PROBLEM TO WORK ON -
Every entry must be transcribed without alteration.

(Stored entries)
=== Section Start ===

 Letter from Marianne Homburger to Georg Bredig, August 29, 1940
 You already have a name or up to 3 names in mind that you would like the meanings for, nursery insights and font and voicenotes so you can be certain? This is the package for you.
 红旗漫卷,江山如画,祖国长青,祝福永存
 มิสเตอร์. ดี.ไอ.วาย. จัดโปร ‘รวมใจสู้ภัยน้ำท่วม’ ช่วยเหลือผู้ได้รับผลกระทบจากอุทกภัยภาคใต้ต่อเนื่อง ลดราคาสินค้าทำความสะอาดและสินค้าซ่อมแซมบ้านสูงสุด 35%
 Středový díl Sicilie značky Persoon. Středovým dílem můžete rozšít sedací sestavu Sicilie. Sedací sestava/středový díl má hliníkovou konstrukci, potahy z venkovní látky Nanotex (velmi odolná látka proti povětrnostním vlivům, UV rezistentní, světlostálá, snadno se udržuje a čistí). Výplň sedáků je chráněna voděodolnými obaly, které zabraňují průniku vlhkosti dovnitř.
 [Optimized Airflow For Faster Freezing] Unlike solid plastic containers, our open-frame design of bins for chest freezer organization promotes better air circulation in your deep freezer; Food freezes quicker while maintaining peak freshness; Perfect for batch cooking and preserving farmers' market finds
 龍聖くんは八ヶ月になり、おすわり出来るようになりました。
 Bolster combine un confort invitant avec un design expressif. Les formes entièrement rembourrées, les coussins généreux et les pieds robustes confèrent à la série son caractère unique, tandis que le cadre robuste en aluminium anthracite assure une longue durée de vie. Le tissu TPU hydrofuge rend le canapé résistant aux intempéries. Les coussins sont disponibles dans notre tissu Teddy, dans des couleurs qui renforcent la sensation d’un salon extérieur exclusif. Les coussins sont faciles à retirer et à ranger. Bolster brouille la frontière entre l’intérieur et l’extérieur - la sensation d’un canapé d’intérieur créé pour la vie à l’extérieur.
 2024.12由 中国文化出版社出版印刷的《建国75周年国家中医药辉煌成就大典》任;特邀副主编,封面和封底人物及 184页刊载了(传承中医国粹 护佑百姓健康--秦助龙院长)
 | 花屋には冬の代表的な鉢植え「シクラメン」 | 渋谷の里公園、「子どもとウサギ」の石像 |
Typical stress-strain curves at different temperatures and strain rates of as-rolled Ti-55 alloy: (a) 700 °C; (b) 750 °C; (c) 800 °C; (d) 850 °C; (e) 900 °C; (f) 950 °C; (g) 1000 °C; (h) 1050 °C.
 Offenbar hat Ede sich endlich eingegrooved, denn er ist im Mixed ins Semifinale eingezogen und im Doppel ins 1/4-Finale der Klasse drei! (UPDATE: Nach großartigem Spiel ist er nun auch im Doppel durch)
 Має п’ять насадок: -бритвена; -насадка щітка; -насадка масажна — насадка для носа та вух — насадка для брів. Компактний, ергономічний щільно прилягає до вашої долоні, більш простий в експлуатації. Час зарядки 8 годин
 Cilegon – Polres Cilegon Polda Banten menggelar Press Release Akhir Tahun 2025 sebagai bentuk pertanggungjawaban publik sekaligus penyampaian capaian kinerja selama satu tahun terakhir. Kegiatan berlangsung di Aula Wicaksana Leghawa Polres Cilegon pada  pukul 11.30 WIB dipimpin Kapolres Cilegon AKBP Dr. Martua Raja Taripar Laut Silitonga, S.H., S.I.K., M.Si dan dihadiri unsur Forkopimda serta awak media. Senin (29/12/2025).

=== Section End ===

ANSWER TO THIS EXERCISE -
 Letter from Marianne Homburger to Georg Bredig, August 29, 1940
 You already have a name or up to 3 names in mind that you would like the meanings for, nursery insights and font and voicenotes so you can be certain? This is the package for you.
 红旗漫卷,江山如画,祖国长青,祝福永存
 มิสเตอร์. ดี.ไอ.วาย. จัดโปร ‘รวมใจสู้ภัยน้ำท่วม’ ช่วยเหลือผู้ได้รับผลกระทบจากอุทกภัยภาคใต้ต่อเนื่อง ลดราคาสินค้าทำความสะอาดและสินค้าซ่อมแซมบ้านสูงสุด 35%
 Středový díl Sicilie značky Persoon. Středovým dílem můžete rozšít sedací sestavu Sicilie. Sedací sestava/středový díl má hliníkovou konstrukci, potahy z venkovní látky Nanotex (velmi odolná látka proti povětrnostním vlivům, UV rezistentní, světlostálá, snadno se udržuje a čistí). Výplň sedáků je chráněna voděodolnými obaly, které zabraňují průniku vlhkosti dovnitř.
 [Optimized Airflow For Faster Freezing] Unlike solid plastic containers, our open-frame design of bins for chest freezer organization promotes better air circulation in your deep freezer; Food freezes quicker while maintaining peak freshness; Perfect for batch cooking and preserving farmers' market finds
 龍聖くんは八ヶ月になり、おすわり出来るようになりました。
 Bolster combine un confort invitant avec un design expressif. Les formes entièrement rembourrées, les coussins généreux et les pieds robustes confèrent à la série son caractère unique, tandis que le cadre robuste en aluminium anthracite assure une longue durée de vie. Le tissu TPU hydrofuge rend le canapé résistant aux intempéries. Les coussins sont disponibles dans notre tissu Teddy, dans des couleurs qui renforcent la sensation d’un salon extérieur exclusif. Les coussins sont faciles à retirer et à ranger. Bolster brouille la frontière entre l’intérieur et l’extérieur - la sensation d’un canapé d’intérieur créé pour la vie à l’extérieur.
 2024.12由 中国文化出版社出版印刷的《建国75周年国家中医药辉煌成就大典》任;特邀副主编,封面和封底人物及 184页刊载了(传承中医国粹 护佑百姓健康--秦助龙院长)
 | 花屋には冬の代表的な鉢植え「シクラメン」 | 渋谷の里公園、「子どもとウサギ」の石像 |
Typical stress-strain curves at different temperatures and strain rates of as-rolled Ti-55 alloy: (a) 700 °C; (b) 750 °C; (c) 800 °C; (d) 850 °C; (e) 900 °C; (f) 950 °C; (g) 1000 °C; (h) 1050 °C.
 Offenbar hat Ede sich endlich eingegrooved, denn er ist im Mixed ins Semifinale eingezogen und im Doppel ins 1/4-Finale der Klasse drei! (UPDATE: Nach großartigem Spiel ist er nun auch im Doppel durch)
 Має п’ять насадок: -бритвена; -насадка щітка; -насадка масажна — насадка для носа та вух — насадка для брів. Компактний, ергономічний щільно прилягає до вашої долоні, більш простий в експлуатації. Час зарядки 8 годин
 Cilegon – Polres Cilegon Polda Banten menggelar Press Release Akhir Tahun 2025 sebagai bentuk pertanggungjawaban publik sekaligus penyampaian capaian kinerja selama satu tahun terakhir. Kegiatan berlangsung di Aula Wicaksana Leghawa Polres Cilegon pada  pukul 11.30 WIB dipimpin Kapolres Cilegon AKBP Dr. Martua Raja Taripar Laut Silitonga, S.H., S.I.K., M.Si dan dihadiri unsur Forkopimda serta awak media. Senin (29/12/2025).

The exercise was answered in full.